ParaView UG ProgrammableFilter.png

The Programmable Filter is a ParaView filter that processes one or more input datasets based on a Python script provided by the user. The parameters of the filter include the output data type, the script and a toggle that controls whether the input arrays are copied to the output. In this document, we introduce the use of the Programmable Filter and give a summary of the API available to the user.

Note that the Programmable Filter depends on Python. All ParaView binaries distributed by Kitware are built with Python enabled. If you have built ParaView yourself, you have to make sure that PARAVIEW_ENABLE_PYTHON is turned on when configuring the ParaView build.

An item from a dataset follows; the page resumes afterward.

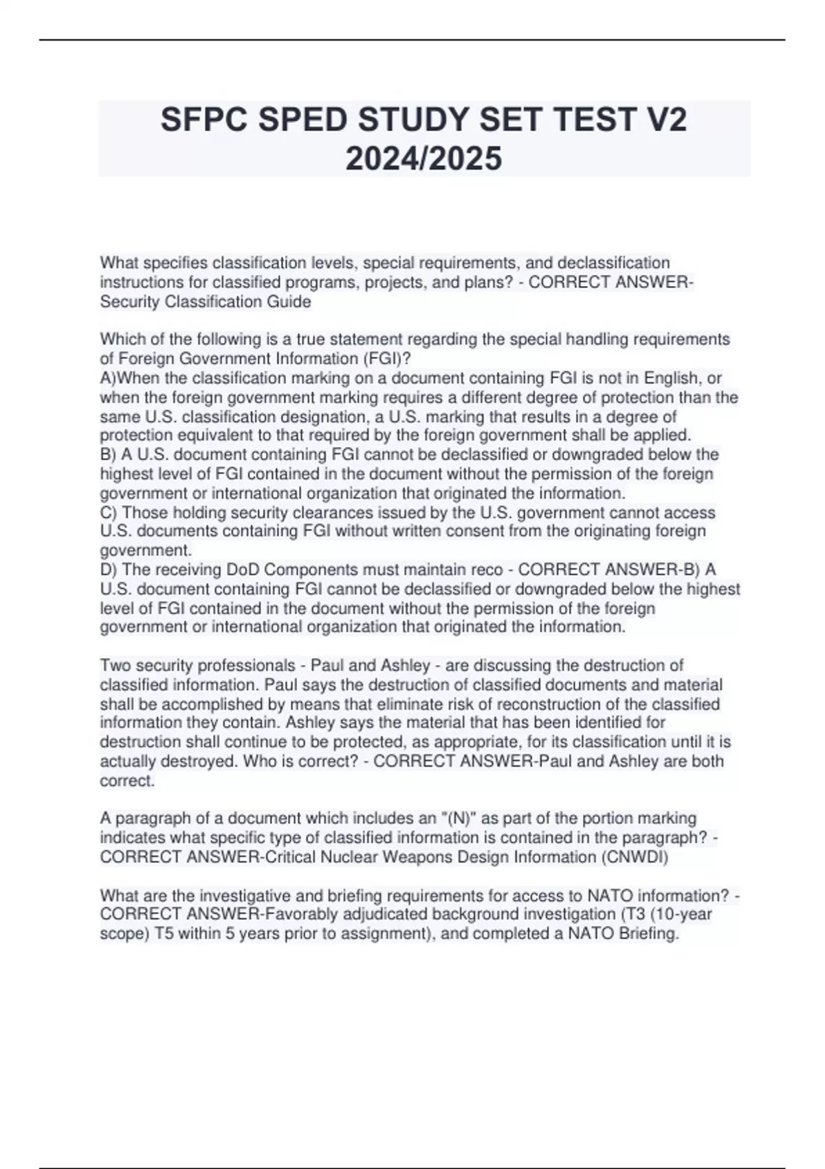 SFPC SPED STUDY SET TEST V2 2024/2025 What specifies classification levels, special requirements, and declassification instructions for classified programs, projects, and plans? - CORRECT ANSWERSecurity Classification Guide Which of the following is a true statement regarding the special handling requirements of Foreign Government Information (FGI)? A)When the classification marking on a document containing FGI is not in English, or when the foreign government marking requires a different degree of protection than the same U.S. classification designation, a U.S. marking that results in a degree of protection equivalent to that required by the foreign government shall be applied. B) A U.S. document containing FGI cannot be declassified or downgraded below the highest level of FGI contained in the document without the permission of the foreign government or international organization that originated the information. C) Those holding security clearances issued by the U.S. government cannot access U.S. documents containing FGI without written consent from the originating foreign government. D) The receiving DoD Components must maintain reco - CORRECT ANSWER-B) A U.S. document containing FGI cannot be declassified or downgraded below the highest level of FGI contained in the document without the permission of the foreign government or international organization that originated the information. Two security professionals - Paul and Ashley - are discussing the destruction of classified information. Paul says the destruction of classified documents and material shall be accomplished by means that eliminate risk of reconstruction of the classified information they contain. Ashley says the material that has been identified for destruction shall continue to be protected, as appropriate, for its classification until it is actually destroyed. Who is correct? - CORRECT ANSWER-Paul and Ashley are both correct. A paragraph of a document which includes an "(N)" as part of the portion marking indicates what specific type of classified information is contained in the paragraph? - CORRECT ANSWER-Critical Nuclear Weapons Design Information (CNWDI) What are the investigative and briefing requirements for access to NATO information? - CORRECT ANSWER-Favorably adjudicated background investigation (T3 (10-year scope) T5 within 5 years prior to assignment), and completed a NATO Briefing. According to E.O. 13556, which is considered a type of controlled unclassified information? -Communications Security (COMSEC) Information -Declassified Information -Law Enforcement Sensitive (LES) Information -North Atlantic Treaty Organization (NATO) Information - CORRECT ANSWER-Law Enforcement Sensitive Information What is the purpose of marking classified materials? - CORRECT ANSWER-To alert holders to the presence of classified information, how to properly protect it, and for how long. What is included in the markings of classified information? - CORRECT ANSWERDocument holder as the sole authority to make transfer and dissemination determinations. What is the purpose of the Controlled Access Program Coordination (CAPCO) register? - CORRECT ANSWER-To identify the official classification and control markings, and their authorized abbreviations and portion markings. When a classified data spill occurs, who is responsible for ensuring that policy requirements for addressing an unauthorized disclosure are met? - CORRECT ANSWER-Activity Security Manager There are five information assurance attributes that are important to protect and defend DoD networks and information. If there was a loss in non-repudiation, what would this cause in relation to information assurance? - CORRECT ANSWER-Data may potentially be available to unauthorized users via electronic form. What are the 5 information assurance attributes that are important to protect and defend DoD networks and information? - CORRECT ANSWER-Confidentiality Integrity Availability Authenticity Non-repudiation At the end of the day, Karen was leaving and taking with her unclassified documents she would review at home. When she began to review those documents that night, she realized that classified materials had slipped in between the unclassified materials. Is this a security violation or infraction? - CORRECT ANSWER-Security Violation The ability to deny you are the sender of an email would be an indication of a lapse in what? - CORRECT ANSWER-Integrity Unauthorized disclosure and loss of privacy is a lapse in what? - CORRECT ANSWERConfidentiality What is the first action done to downgrade, declassify or remove classificatio

Since the entire VTK API as well as any module that can be imported through Python is available through this filter, we can only skim the surface of what can be accomplished with this filter here. If you are not familiar with Python, we recommend first taking a look at one of the introductory guides such as the official Python Tutorial. Also, if you are going to do any programming beyond the very basic stuff, we recommend reading up on the VTK API. The VTK website has links to VTK books and online documentation. For reference, you may need to look at the VTK class documentation. There is also more information about the Programmable Filter and some good recipes on the ParaView Wiki (Python_Programmable_Filter).

Basic Use

Requirements:

  1. You are applying Programmable Filter to a "simple" dataset and not a composite dataset such as multi-block or AMR.
  2. You have NumPy installed.

The most basic reason to use the Programmable Filter is to add a new array by possible deriving it from arrays in the input. This can be achieved by using the Python Calculator. One reason to use the Programmable Filter instead may be that the calculation is more involved and trying to do it in one expression may be difficult. Another reason may be that you need access to a program flow construct such as if or for. In any case. the Programmable Filter can be used to do everything the Calculator does and more.

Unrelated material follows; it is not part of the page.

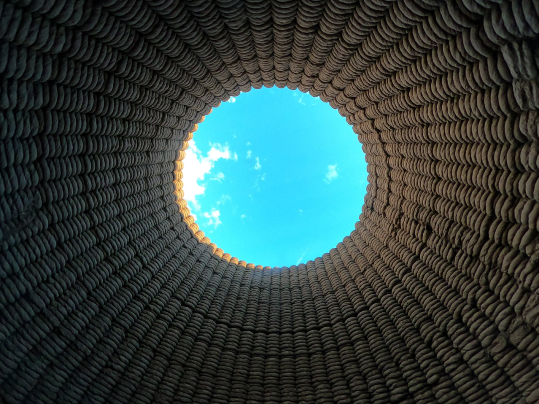 弧形墙面上的方型小窗户与外部环境保持联系▽

Note: Since what we describe here builds on some of the concepts introduced in the Python Calculator section, please read it first if you are not familiar with the Calculator.

If you leave the "Output Dataset Type" parameter in the default setting of "Same as Input", the Programmable Filter will copy the topology and geometry of the input to the output before calling your Python script. Therefore, if you Apply the filter without filling the script, you should see a copy of the input without any of its arrays in the output. If you also check the "Copy Arrays" option, the output will have all of the input arrays. This behavior allows you to focus on creating new arrays without worrying about the mesh.

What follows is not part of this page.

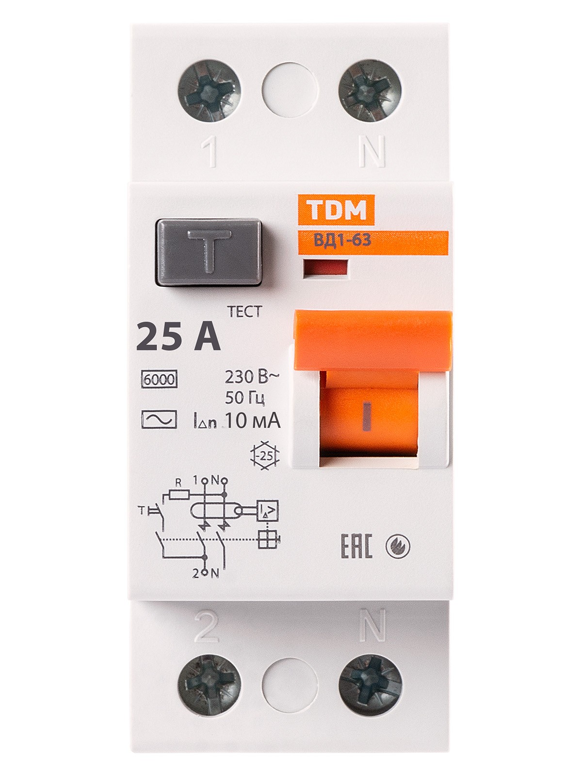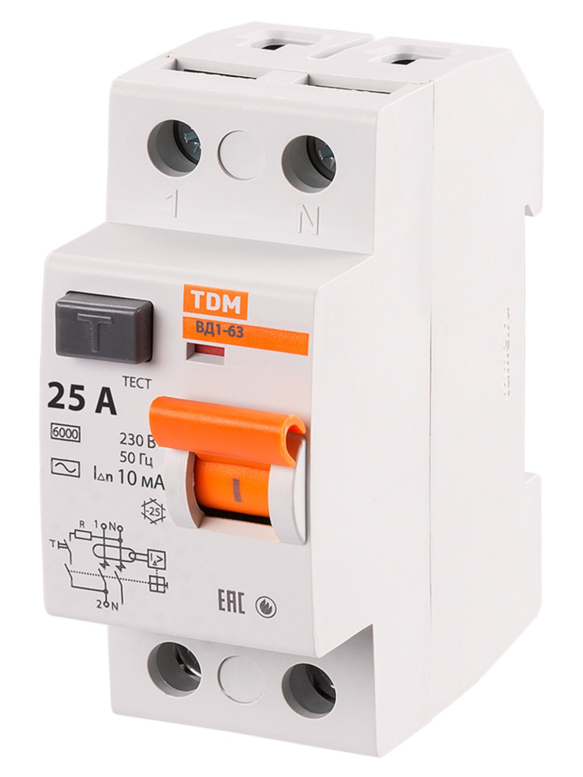 Устройство защитного отключения ВД1-63 2Р 25А 10мА TDM

Let's try an example. Create a Sphere source and then apply the Programmable Filter. Use the following script.

<source lang="python"> normals = inputs[0].PointData['Normals'] output.PointData.append(normals[:,0], "Normals_x") </source>

This should create a sphere with on array called "Normals_x". There a few things to note here:

  • You cannot refer to arrays directly by name as in the Python Calculator. You need to access arrays using the .PointData and .CellData qualifiers.
  • Unlike the Python Calculator, you have to explicitly add an array to the output using the append function. Note that this function takes the name of the array as the second argument.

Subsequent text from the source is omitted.